In November 2016, we blogged that the PRA had published Supervisory Statement 16/16: The minimum requirement for own funds and eligible liabilities – buffers and Threshold Conditions (SS16/16). In SS16/16 the PRA set out its expectations on the relationship between the minimum requirement for own funds (MREL) and both the capital and leverage ratio buffers, as well as the implications that a breach of MREL would have for the regulator’s consideration of whether a firm is failing, or likely to fail, to satisfy the Threshold Conditions.

The PRA has now published Consultation Paper 15/17: The minimum requirements for own funds and eligible liabilities – buffers (CP15/17). In CP15/17 the PRA sets out proposed expectations with regard to the relationship between MREL and buffer requirements, as well as the consequences of not meeting these. The PRA also proposes to update SS16/16.

Since the publication of SS16/16 the PRA has been asked about the situation where MREL is calibrated on the basis of one capital regime (e.g. leverage, in circumstances where the leverage requirement is larger than the risk-weighted requirement), but the largest requirement for buffers derives from the other regime (e.g. risk-weighted capital).

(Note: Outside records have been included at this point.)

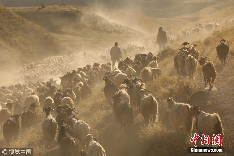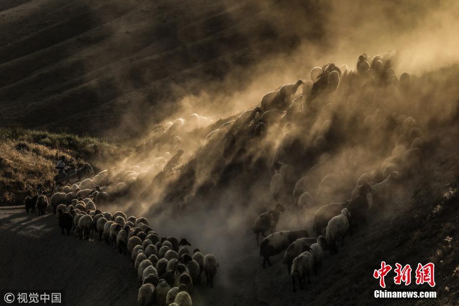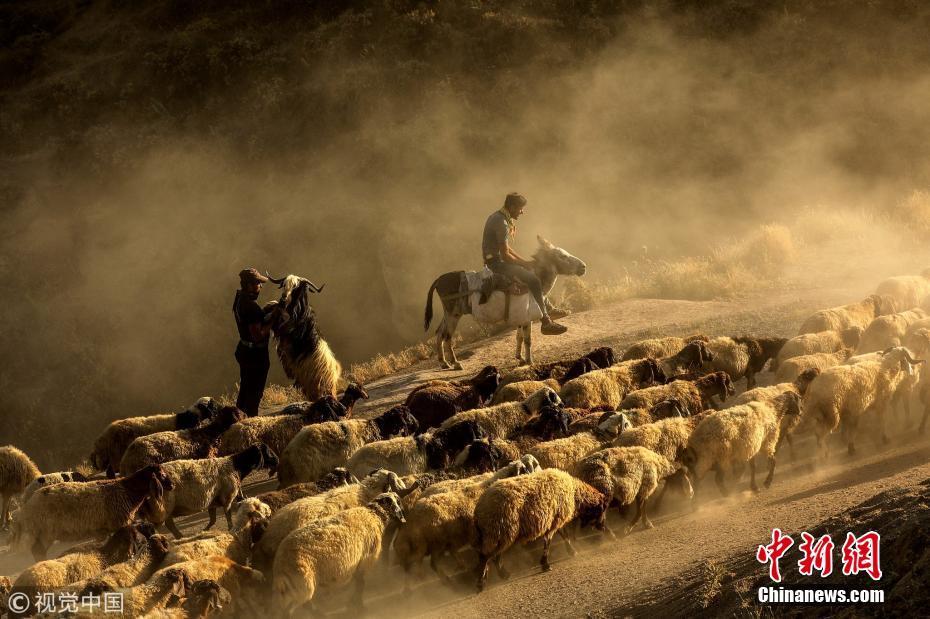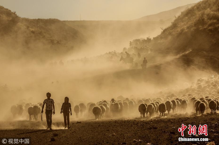 当地时间2018年7月26日,土耳其比特利斯,日落时分,牧羊人驱赶羊群经过内姆鲁特山高地卷起尘土景象壮观。图片来源:视觉中国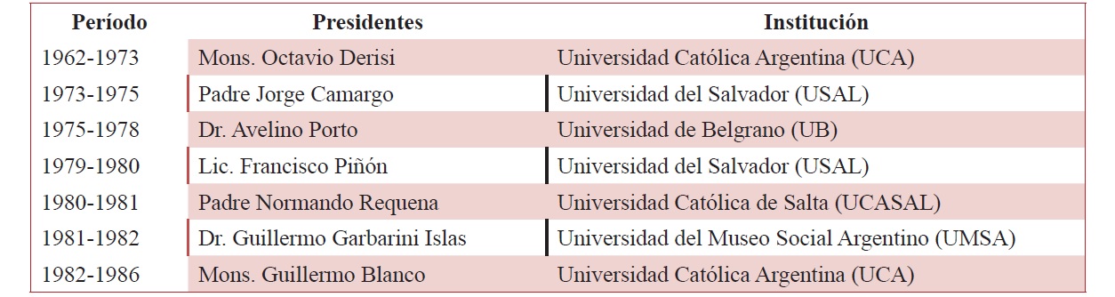 Asesorado por aquel el grupo de funcionarios católicos, el régimen de facto sancionó en 1967 la Ley 17.604 para las universidades privadas. Fue un nuevo intento por avanzar en los procesos de institucionalización y regulación del sector11. La nueva reglamentación alentaba la expansión institucional del sistema privado pero no eliminaba la sujeción que mantenía desde mediados de los años cincuenta frente al contralor del Estado. En su artículo Nº 1, la norma establecía: “La creación y funcionamiento de establecimientos universitarios privados requerirán el otorgamiento de la autorización pertinente por decreto del Poder Ejecutivo Nacional. Este ejercerá la fiscalización permanente del Estado sobre dichos establecimientos, con el objeto de verificar si se cumplen las condiciones bajo las cuales están autorizados a funcionar”.Pero si bien la normativa resultaba menos estricta (respecto a lo prefijado por la antigua Ley Domingorena) y las instituciones privadas podían obtener su reconocimiento definitivo –quedando facultadas a otorgar grados académicos y habilitación profesional–, se acentuaba una serie de exigencias burocráticas. Entre otras cosas, la norma establecía que estas casas de estudio debían constituirse sin fines de lucro, obteniendo personería jurídica como asociación civil o fundaciones. Por tanto, sus estatutos, programas y planes de estudio debían someterse a la autorización previa del Ministerio de Educación.Dicha Ley preveía, también, la puesta en funcionamiento del llamado Consejo de Rectores de Universidades Privadas (CRUP)12, como un órgano de coordinación en el ámbito de estas instituciones. Así lo establece en su artículo Nº 17: “El Consejo de Rectores de las Universidades Privadas será órgano de consulta en todo lo concerniente al régimen legal de la enseñanza universitaria privada, a la aplicación de éste y al planeamiento educativo en dicho sector”. En tanto órgano representativo del conjunto de las universidades privadas, es importante destacar el peso relativo que tuvieron las instituciones confesionales en su devenir durante los años de intervencionismo autoritario. Basta señalar cuales fueron los rectores de las universidades en cuestión que durante estos años desempeñaron el cargo jerárquico de Presidente del CRUP, para establecer significativas diferencias respecto a aquellos académicos que no detentaron otro cargo más que el de rector de sus propias instituciones.
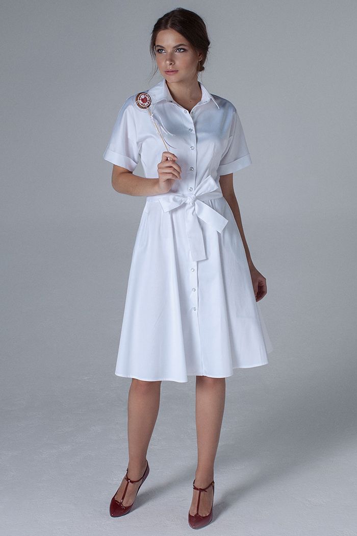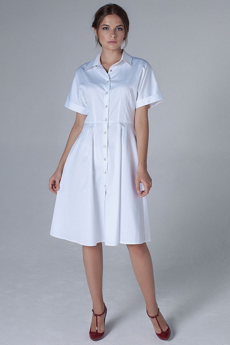 Платье-халат в стиле «Сафари» с коротким рукавом и застежкой на кнопках.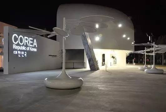 韩国馆的灵感来自于韩国传统陶器,外形看上去就是一个巨大的“月亮坛”。整体造型及结构设计是为了造成它是漂浮的错觉。这个展馆侧重的问题是:“在未来,哪些食物应该作为可持续消费?”这次展览还介绍了和食品相关的问题,比如肥胖和饥荒。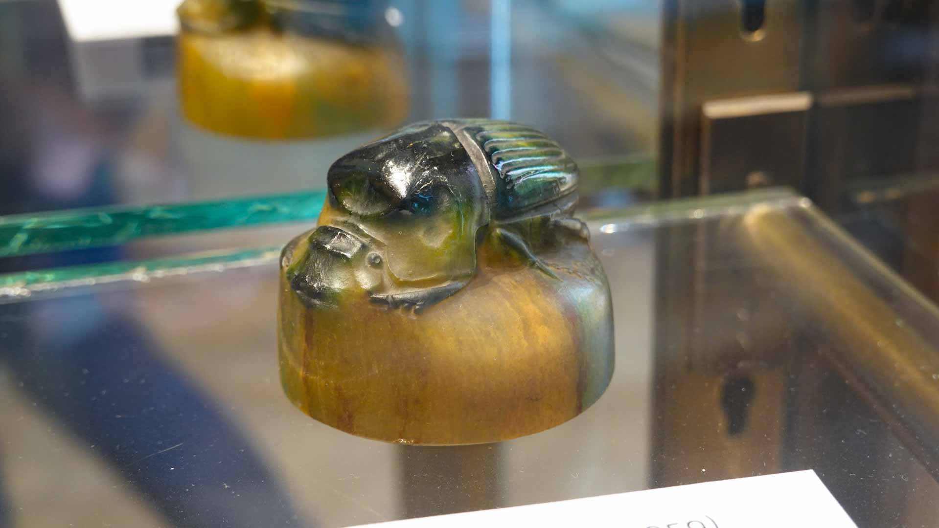 La marqueterie de verre, brevetée en 1898, est l’un des apports majeurs de Gallé. Elle consiste à insérer, dans la masse encore chaude, des fragments de verre de teinte ou de texture différente. Fusionnés par recuisson, ces fragments composent des motifs décoratifs intégrés à la structure même de l’objet, et non simplement appliqués.

The PRA believes this situation applies to a very small number of firms but never-the-less the PRA proposes in CP15/17 to update SS16/16 to clarify that the expectations set out in the supervisory statement are not intended to create a different buffer requirement from that which is usable in the going-concern regime.

The deadline for comments on CP15/17 is 29 September 2017. The PRA aims to publish the updated supervisory statement before the end of 2017.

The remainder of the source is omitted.